Alexandra Feodorovna became Empress-Consort upon her husband's accession as Tsar Nicholas I on December, 1825. It was a turbulent period, marked by the bloody repression of the Decembrist revolt.

By 1832 Nicholas and Alexandra had seven children whom they raised with care. Nicholas I never wavered in his love for his wife, whom he nicknamed “Mouffy”. In 1837, when much of the Winter Palace was destroyed by fire, Nicholas reportedly told an aide-de-camp, "Let everything else burn up, only just save for me the small case of letters in my study which my wife wrote to me when she was my betrothed."

Only after more than twenty-five years of fidelity did Nicholas take a mistress.

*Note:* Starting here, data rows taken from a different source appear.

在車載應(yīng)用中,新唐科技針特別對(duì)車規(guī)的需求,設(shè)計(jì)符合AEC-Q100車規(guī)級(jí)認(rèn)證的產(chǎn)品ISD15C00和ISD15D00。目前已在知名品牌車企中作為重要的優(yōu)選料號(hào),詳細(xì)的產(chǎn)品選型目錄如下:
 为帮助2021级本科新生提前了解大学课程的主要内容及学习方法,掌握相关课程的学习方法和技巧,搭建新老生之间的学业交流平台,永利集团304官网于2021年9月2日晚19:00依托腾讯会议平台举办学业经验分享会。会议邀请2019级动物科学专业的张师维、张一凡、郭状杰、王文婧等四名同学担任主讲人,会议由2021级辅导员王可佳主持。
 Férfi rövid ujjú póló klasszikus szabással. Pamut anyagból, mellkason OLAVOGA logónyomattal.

He turned to Barbara Nelidova, one of Alexandra's ladies-in-waiting, as the doctors had forbidden the Empress from sexual activity due to her poor health and recurring heart-attacks. Nicholas continued to seek refuge from the cares of state in Alexandra’s company. "Happiness, joy, and repose - that is what I seek and find in my old Mouffy." he once wrote.

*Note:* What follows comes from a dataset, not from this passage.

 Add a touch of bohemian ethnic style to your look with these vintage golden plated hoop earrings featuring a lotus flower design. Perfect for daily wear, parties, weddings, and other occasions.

In 1845, Nicholas wept when Court doctors urged the Empress to visit Palermo for several months due to poor health. "Leave me my wife." he begged her physicians, and when he learned that she had no choice, he made plans to join her, if only for a brief time. Nelidova went with them, and though Alexandra was jealous in the beginning, she soon came to accept the affair, and remained on good terms with her husband's mistress.

The Empress Alexandra Feodorovna was always frail and in bad health. At forty, she looked far older than her years, becoming increasingly thin. For a long time, she suffered from a nervous twitching that became a convulsive shaking of her head.

In 1837 the Empress chose the resort in the Crimea for a new residence. There, Nicholas ordered that the Palace of Oreanda be built for her. She was only able to visit the Palace once however; the Crimean War began in 1852. Towards the end of 1854, Alexandra Feodorovna became very ill, and she came very close to death, though she managed to recover. In 1855 Tsar Nicholas I contracted influenza, and he died on 6/18 February.